CMOS technology. The ADC consists of 8 A/D channels. Each A/D channel is a 6-bit 2-GS/s flash ADC using the architecture of Fig. 4 and the background calibrated-comparators (BCC) of Fig. 3. Operating from a single 1.2 V supply, the power consumption of each A/D channel is expected to be less than 90 mW. This low power consumption is made possible by the BCC's digital background calibration.

The architecture of the TI ADC is similar to the one shown in Fig. 7, which includes timing-skew calibration for multi-channel input sampling. The calibration scheme is simplified from the technique described in subsection C. Fig. 9 shows the layout of this TI ADC. Chips area is 2.01x2.83 mm<sup>2</sup>. Operating from a single 1.2 V supply, the ADC's total power consumption of is expected to be less than 800 mW.



Fig. 9: Time-interleaved ADC layout.

#### 四、結論與自評

本計畫 94 年度的執行重點在於高速 Time-Interleaved ADC 之設計。而此架構的 主要問題包括取樣時間誤差以及子系統 ADC 之 Gain/Offset 不匹配等。我們以 Flash A/D 的架構來設計子系統 ADC。如此 可以避開 Gain/Offset 不匹配之問題。

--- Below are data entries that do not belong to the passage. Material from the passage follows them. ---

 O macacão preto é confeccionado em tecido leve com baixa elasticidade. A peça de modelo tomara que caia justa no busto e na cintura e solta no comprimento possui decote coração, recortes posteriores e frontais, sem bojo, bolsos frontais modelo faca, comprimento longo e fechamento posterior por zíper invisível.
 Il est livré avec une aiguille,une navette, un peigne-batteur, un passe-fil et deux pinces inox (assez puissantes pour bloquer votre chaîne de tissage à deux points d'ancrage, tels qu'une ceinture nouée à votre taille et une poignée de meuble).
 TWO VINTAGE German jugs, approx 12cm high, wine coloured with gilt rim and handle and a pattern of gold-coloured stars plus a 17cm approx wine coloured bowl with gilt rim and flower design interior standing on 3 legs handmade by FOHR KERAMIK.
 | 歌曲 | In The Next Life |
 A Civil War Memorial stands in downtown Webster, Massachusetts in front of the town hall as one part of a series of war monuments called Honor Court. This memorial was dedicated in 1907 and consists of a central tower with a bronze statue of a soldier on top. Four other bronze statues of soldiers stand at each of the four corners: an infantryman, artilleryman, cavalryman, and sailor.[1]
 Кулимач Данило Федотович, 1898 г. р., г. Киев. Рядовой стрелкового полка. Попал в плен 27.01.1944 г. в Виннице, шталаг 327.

在單一子系統 Flash ADC 設計方面,我們發明了一種自動調整 ADC 內部比較器 Offset 之方法。如此可以設計出面積更小又更省電之 ADC。此自動調整方法是全數位式,而且不會影響 ADC 之正常運作。本新技術將用來設計一個 6-bit 2-GSamples/s 之 ADC。

另外,我們也針對 Time-Interleaved

ADC 發展出偵測取樣時間誤差的方法,並用來控制多相位時脈產生器,就此能自動消除取樣時間誤差。應用此技術,我們將設計一個可數位控制之多相位時脈產生器電路。它可同時輸出 8 組不同之相位之時脈,而頻率可超過 2 GHz。此一時脈產生器將會自動調整輸出相位來消除 A/D 取樣時間之誤差。

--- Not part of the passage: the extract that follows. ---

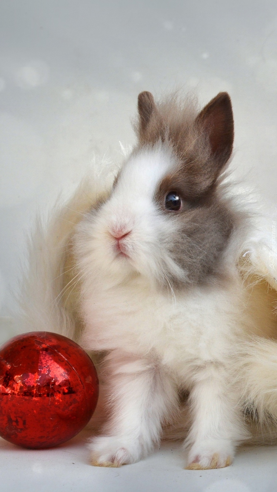 Edytor tapety: Królik obok czerwonej bombki
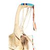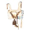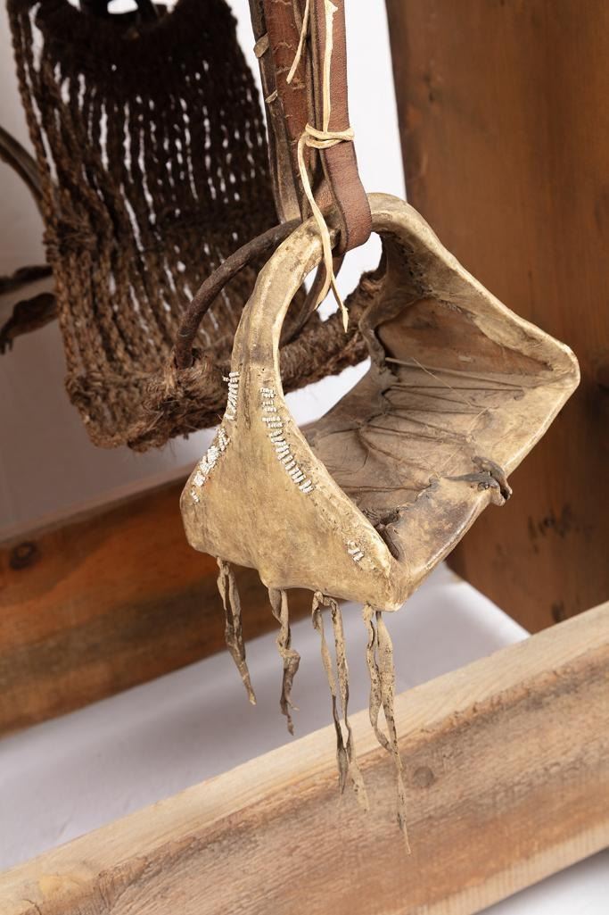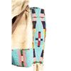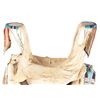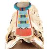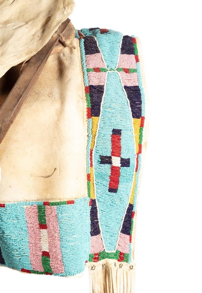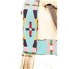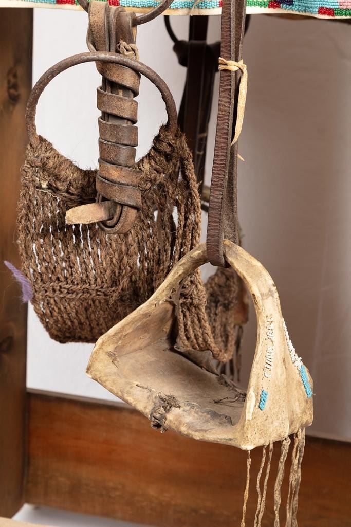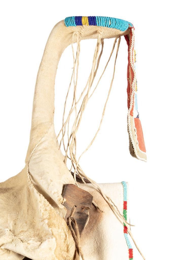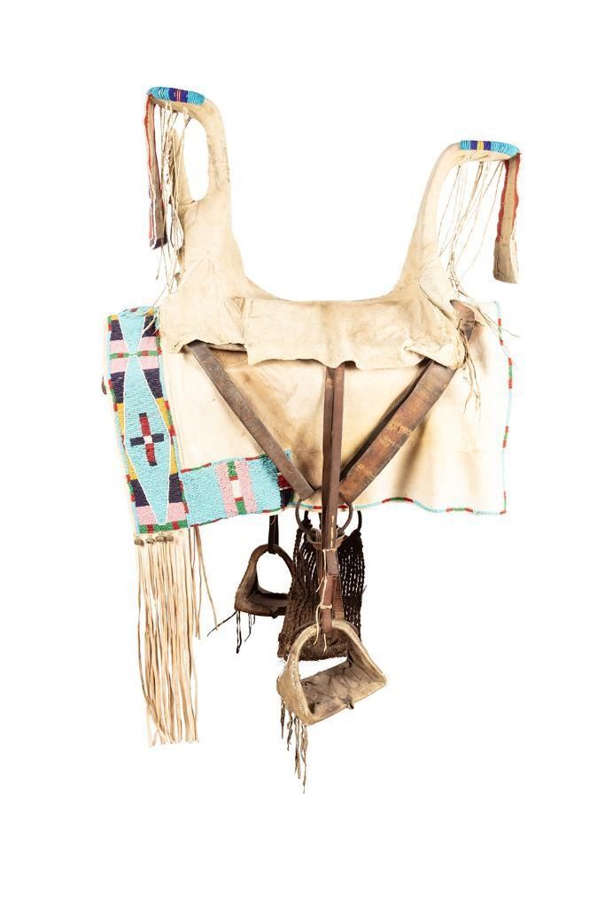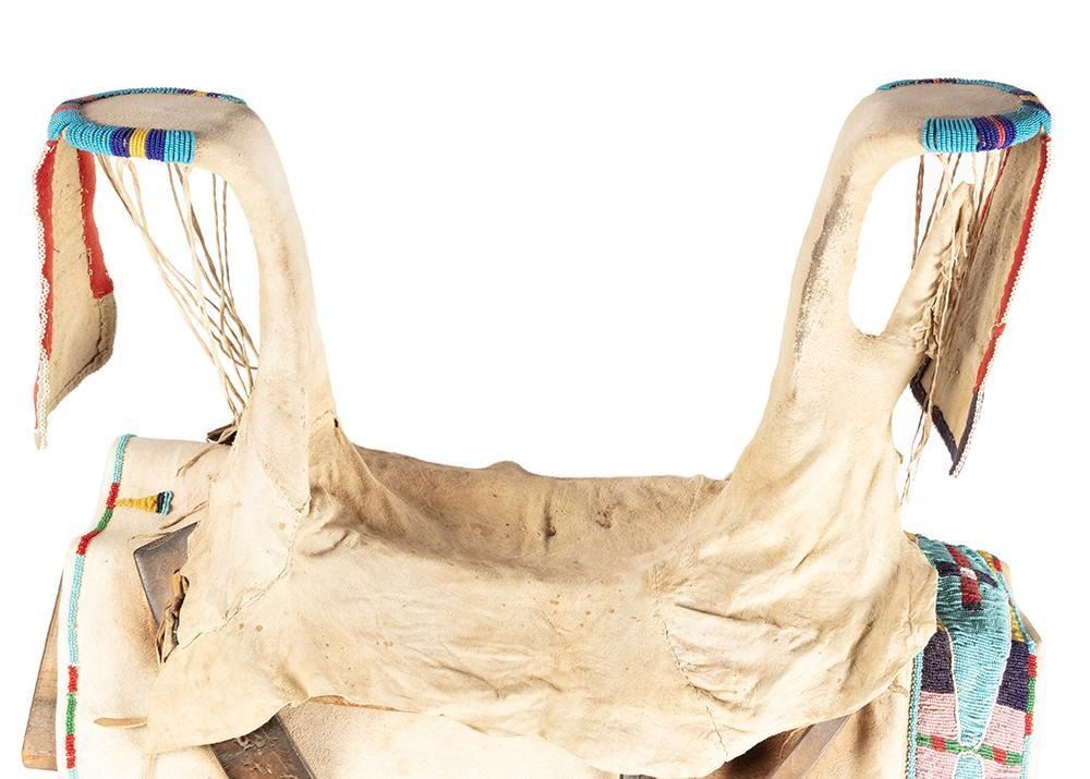 10” seat, decorated with 8” beaded drops, featuring geometric patterns and accented with trade cloth. Original stirrups but saddle drape is not original to saddle. Saddle is late 19th century.

以上兩種自動校正技術,我們都有詳盡的理論分析,已經發表了 IEEE 期刊論文 [1] [3],並且都在申請專利中。

為了驗證上述的校正技術,我們已經設計了一個有 8 支 Flash ADC 子系統之Time-Interleaved ADC 晶片。此晶片包含了所需的多相位時脈產生器並且能自動調整取樣時間誤差。此 ADC 設計目前正在以 0.13 μm CMOS 製程製造中。最終目標是實現一個 800-mW 6-bit 16-GS/s 之 ADC 晶片。

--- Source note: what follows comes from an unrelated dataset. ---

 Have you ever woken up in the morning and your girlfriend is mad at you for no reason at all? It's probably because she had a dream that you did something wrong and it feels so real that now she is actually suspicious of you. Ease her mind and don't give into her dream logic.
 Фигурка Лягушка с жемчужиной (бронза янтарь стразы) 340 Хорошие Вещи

本計畫所發表的學術論文如下節所列。 論文在正式發表後,也會置放於主持人的網 頁上: http://www.cc.nctu.edu.tw/~jtwu。

## 五、參考文獻

- [1] C-C Huang and J-T Wu, "A Background Comparator Calibration Technique for Flash Analog-to-Digital Converters," *IEEE Transactions on Circuits and Systems I: Regular Papers*, Vol. 52, No. 9, pp. 1732-1740, Sept. 2005.
- [2] C-C Huang and J-T Wu, "A Statistical Background Calibration Technique for Flash Analog-to-Digital Converters," 2004 IEEE International Symposium on Circuits and Systems, pp. I-125-I-128, May 2004.
- [3] C-Y Wang and J-T Wu, "A Background Timing-Skew Calibration Technique for Time-Interleaved Analog-to-Digital Converters," *IEEE Transactions on Circuits and Systems II:* Express Briefs, Vol. 53, No. 4, pp. 299-303, April 2006.